Control of TurboID-dependent biotinylation intensity in proximity ligation screens

Proximity biotinylation screens are a widely used strategy for the unbiased identification of interacting or vicinal proteins. The latest generation biotin ligase TurboID has broadened the range of potential applications, as this ligase promotes an intense and faster biotinylation, even in subcellular compartments like the endoplasmic reticulum. On the other hand, the uncontrollable high basal biotinylation rates deny the system´s inducibility and are often associated with cellular toxicity precluding its use in proteomics. We report here an improved method for TurboID-dependent biotinylation reactions based on the tight control of free biotin levels. Blockage of free biotin with a commercial biotin scavenger reversed the high basal biotinylation and toxicity of TurboID, as shown by pulse-chase experiments. Accordingly, the biotin-blockage protocol restored the biological activity of a bait protein fused to TurboID in the endoplasmic reticulum and rendered the biotinylation reaction inducible by exogenous biotin. Importantly, the biotin-blockage protocol was more effective than biotin removal with immobilised avidin and did not affect the cellular viability of human monocytes over several days. The method presented should be useful to researchers interested in exploiting the full potential of biotinylation screens with TurboID and other high-activity ligases for challenging proteomics questions.

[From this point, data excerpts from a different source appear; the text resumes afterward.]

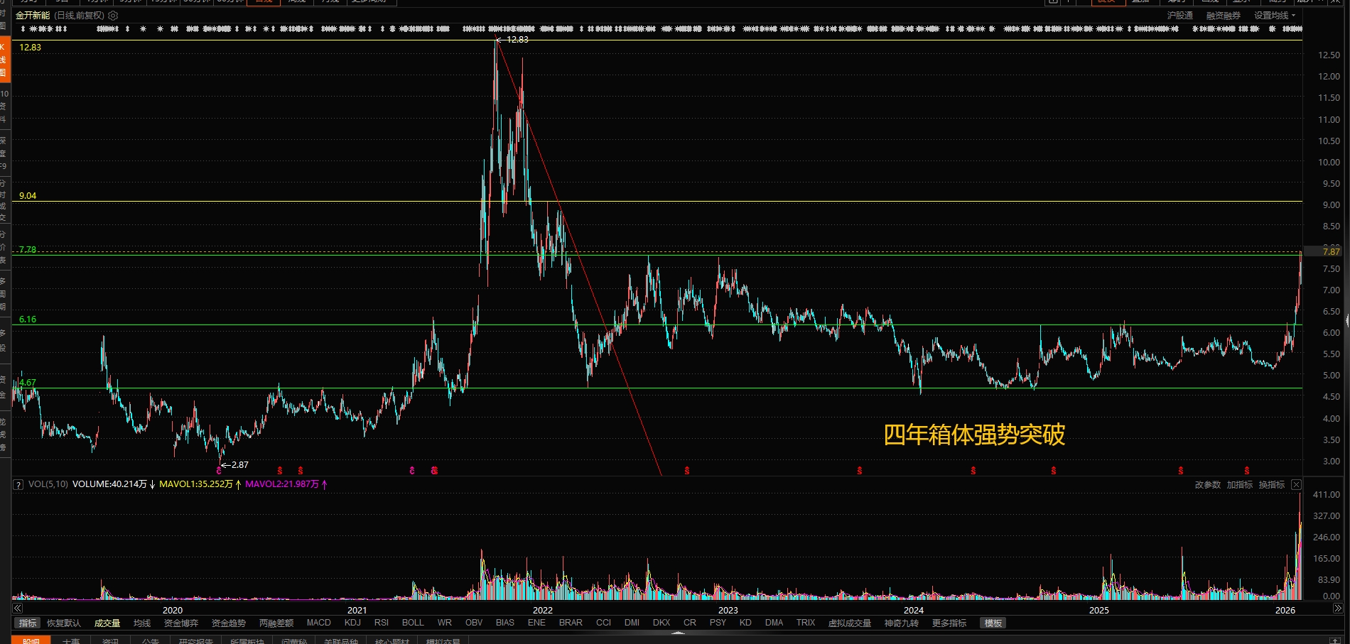 箱体翻倍,看到14,300亿市值。4年箱体强势突破
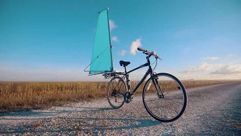 Mungkin penambahan layar tersebut akan terlihat konyol. Tetapi ide dengan layar tersebut agar pengendara sepeda bisa berkeliling menggunakannya di sepanjang jalan dan berpotensi menghemat tenaga untuk mengayuhnya.
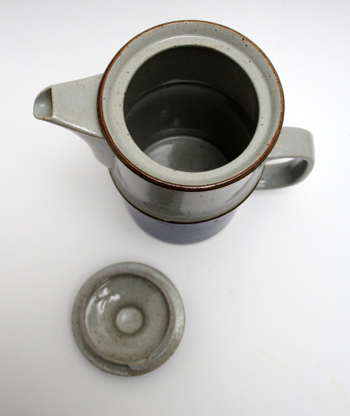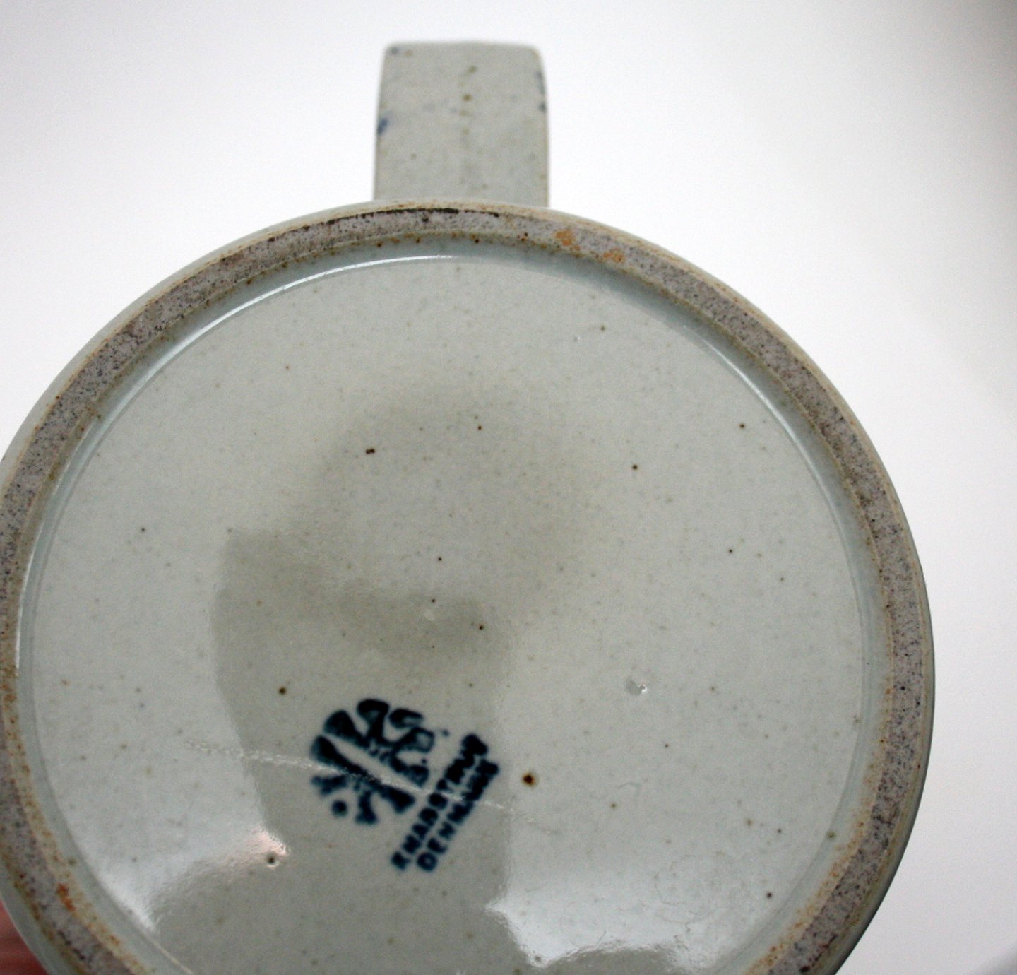 Knabstrup, Christine stentøjsstel grå glasur med blå kant. Designet af den tyske kunstner Christine Konschak, som var tilknyttet Knabstrup i perioden 1967-1970.
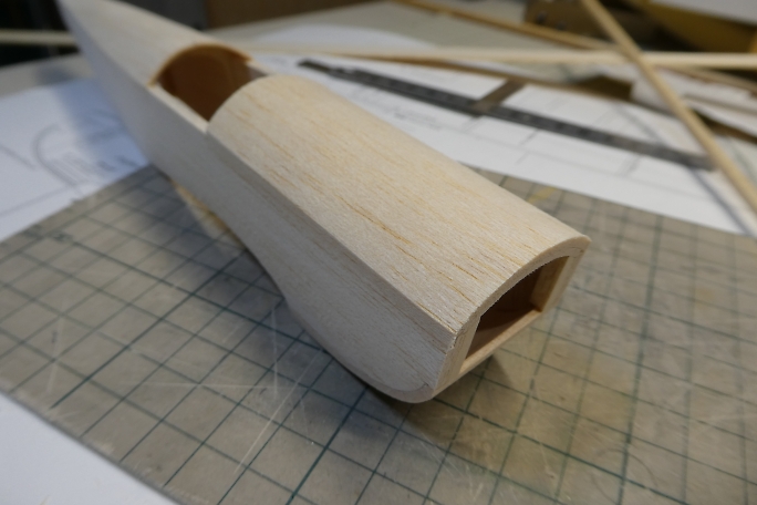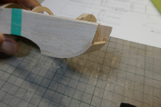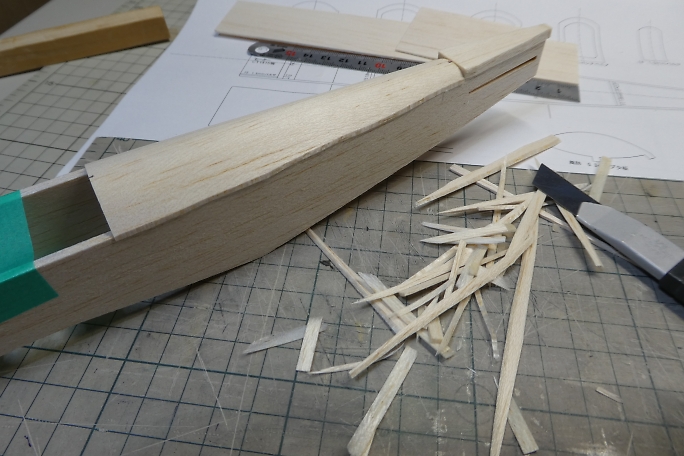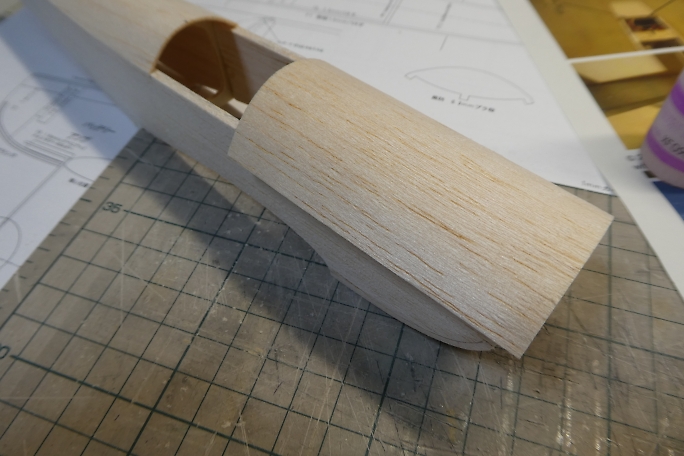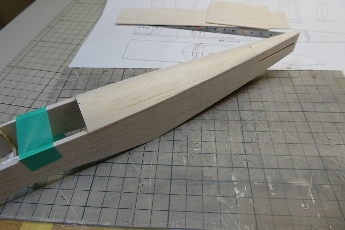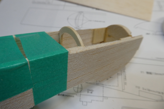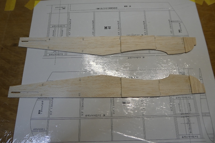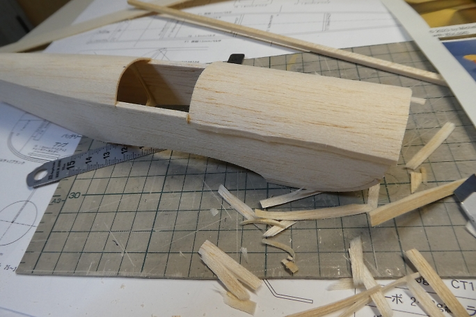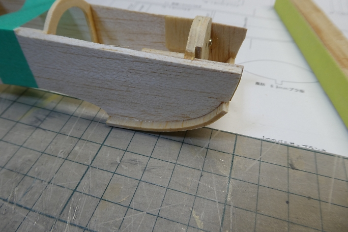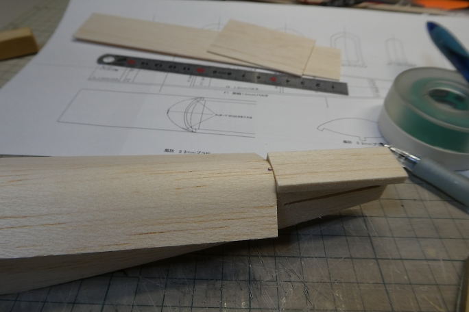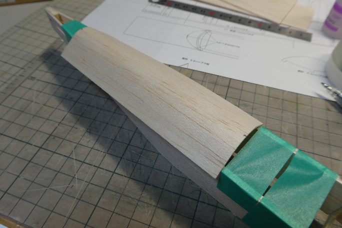胴体前部、プランクの為に、側板を胴枠に沿った傾斜に削ります。 削らない部分を保護するため、マスキングテープで養生をします。 ![]() 胴体後部の上面プランクの為に、前部プランクと同様に加工をします。 ![]() 胴体後半の上面をキット付属の1ミリバルサでプランクをします。 胴枠に沿わせたら、隙間に低粘度瞬間接着剤を流して接着します。 ![]() 垂直尾翼の取り付け台は別パーツとなっていて、上面プランクに合わせて整形するスタイルです。 ![]() ![]() カッターで荒削りをしたのち、サンディングで形を整えます。 まだ、角を落とす所まで整形をしていません。 |

邻近生物素化筛选（proximity biotinylation screens）是实现互作蛋白与邻近蛋白无偏鉴定的通用研究策略。最新一代生物素连接酶TurboID可催化高效且快速的生物素化反应，甚至可在内质网（endoplasmic reticulum）这类亚细胞区室中发挥作用，因此大幅拓展了其潜在应用范围。但该酶存在无法调控的高基础生物素化速率，会导致系统丧失诱导性，且常伴随细胞毒性，使其难以应用于蛋白质组学（proteomics）研究。本研究报道了一种基于严格调控游离生物素水平的改良TurboID依赖型生物素化反应方法。通过商用生物素清除剂阻断游离生物素，可逆转TurboID的高基础生物素化水平与细胞毒性，该结论已通过脉冲追踪实验（pulse-chase experiments）得到验证。据此，该生物素阻断方案可恢复融合有TurboID的诱饵蛋白（bait protein）在内质网中的生物学活性，并使生物素化反应可通过外源添加生物素实现诱导。值得注意的是，该生物素阻断方案相较于使用固定化亲和素去除生物素的方法更为高效，且在数天培养周期内不会影响人单核细胞（human monocytes）的细胞活力。本研究提出的方法，可为希望借助TurboID及其他高活性连接酶充分挖掘生物素化筛选潜力、以解决复杂蛋白质组学问题的研究人员提供有力工具。